Don_Cragun · December 9, 2015, 6:10pm

Try:

gawk '
{	A[i = $6]
	for(j = 1; j <= 5; j++)
		if(!((i, j, $j) in d)) {
			d[i, j, $j]
			outd[i, j] = outd[i, j] ? outd[i, j] ";" $j : $j
		}
}
END {	for(i in A)
		print outd[i,1], outd[i,2], outd[i,3], outd[i,4], outd[i,5], i
}' FS=, OFS=, input1

If someone else wants to try this on a Solaris system and gawk isn't loaded, change gawk to /usr/xpg4/bin/awk or nawk .

greycells · December 9, 2015, 8:08pm

Thanks Don ! .. worked as expected ...
I have another question for u .. , not related to above though

Basically wherever there is a ";" in front of or after a field , change it to "[Field]"

 
 Example 
  
 F1;F2;F3,F4,F5,F6;F7,F8,F9;F10;F11

etc

to

[F1][F2][F3],F4,F5,[F6][F7],F8,[F9][F10][F11]

Thanks

Don_Cragun · December 9, 2015, 8:20pm

Do you want to take the output produced by my earlier script and transform it into this new output format?

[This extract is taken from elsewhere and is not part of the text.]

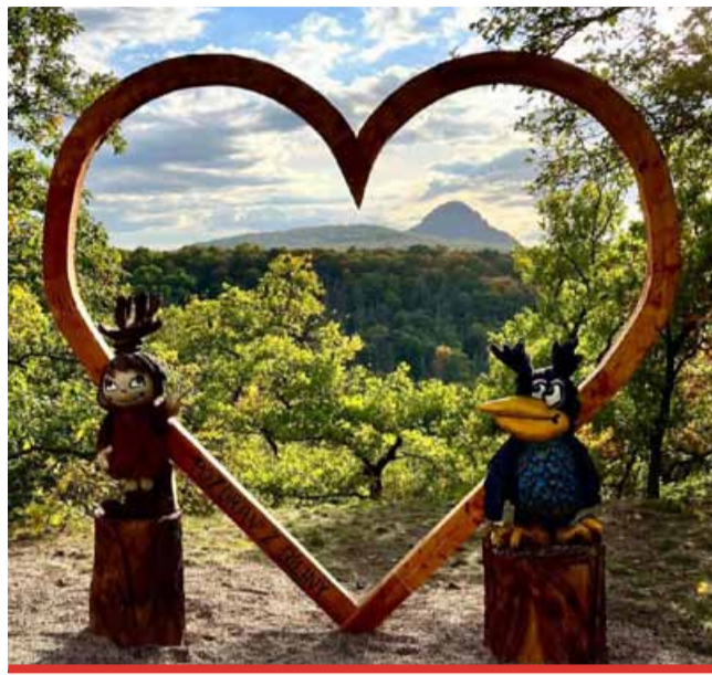
Mezi podpořenými projekty je i Pohádkový les Bílina, který se díky podpoře Ústeckého kraje dočká záchytného parkoviště.

dokumentace pro cyklostezky apod. Mezi příjemce dotace patří např. Krásná Lípa s projektem na vybudování plochy pro obytné vozy, Brozany se záměrem na stavbu stellplatzu a cyklopointu na cyklostezce Ohře. Útulny v Krušných horách nebo parkoviště pro běžkaře v Petroviciích plánuje vystavět DA Krušnohoří, Terezín připravuje redesign infocentra, Jílové či Roudnice nad Labem plánují výstavbu sociálního zařízení, Bílina záchytné parkoviště u Pohádkového lesa, podobně jako Ústě. Další projekty se pak zaměřují například na cyklistickou infrastrukturu. (nov)
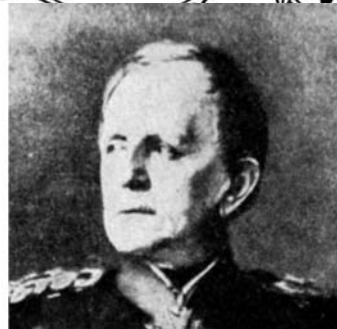
Náčelník pruského generálního štábu generál Helmuth Karel von Moltke

Or, do you want to change my earlier script to produce this new output format instead of the old output format?

greycells · December 9, 2015, 11:25pm

The first one if you please .... thx

Don_Cragun · December 9, 2015, 11:32pm

Try:

gawk '
{	for(i = 1; i <= NF; i++)
		if((n = split($i, f, ";")) > 1) {
			o = ""
			for(j = 1; j <= n; j++)
				o = o "[" f[j] "]"
			$i = o
		}
}
1' FS=, OFS=, out

where out is a file containing output in the format produced by the 1st script.